Everyone knows this. But what’s remarked rarely if at all is the way that this balance has created, in effect, two literary cultures (or, more precisely, two literary fiction cultures) in the United States: one condensed in New York, the other spread across the diffuse network of provincial college towns that spans from Irvine, Calif., to Austin, Texas, to Ann Arbor, Mich., to Tallahassee, Fla. (with a kind of wormhole at the center, in Iowa City, into which one can step and reappear at the New Yorker offices on 42nd Street). The superficial differences between these two cultures can be summed up charticle-style: short stories vs. novels; Amy Hempel vs. Jonathan Franzen; library copies vs. galley copies; Poets & Writers vs. the New York Observer; Wonder Boys vs. The Devil Wears Prada; the Association of Writers and Writing Programs conference vs. the Frankfurt Book Fair; departmental parties vs. publishing parties; literary readings vs. publishing parties; staying home vs. publishing parties. But the differences also run deep. Each culture has its own canonical works and heroic figures; each has its own logic of social and professional advancement. Each affords its members certain aesthetic and personal freedoms while restricting others; each exerts its own subtle but powerful pressures on the work being produced.
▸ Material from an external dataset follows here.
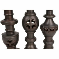 Fill out your shelf or tabletop with this set of 3 tall bronze decorative finials with ornate cartouche, quatrefoil, and fleur de lis carvings. The set is staggered in height with different designs on each for maximum style options but are all uniformly finished in a smooth powder coat of dark bronze with a subtle sheen. This shelf decor set looks especially dramatic against a white or light-colored solid wall or shelf.

Yes, I get that certain attributes are typically tied to the MFA culture, just as certain qualities are typically tied to the NYC scene. But it just doesn’t work to make such broad generalizaton about MFA programs, and it probably doesn’t even work to generalize in this way about the NYC literary world. The proof is in these bizarre binaries int he above quote . . . And anyway, Chad Harbach is the consummate product of both the MFA and the NYC. So are they really that vastly different?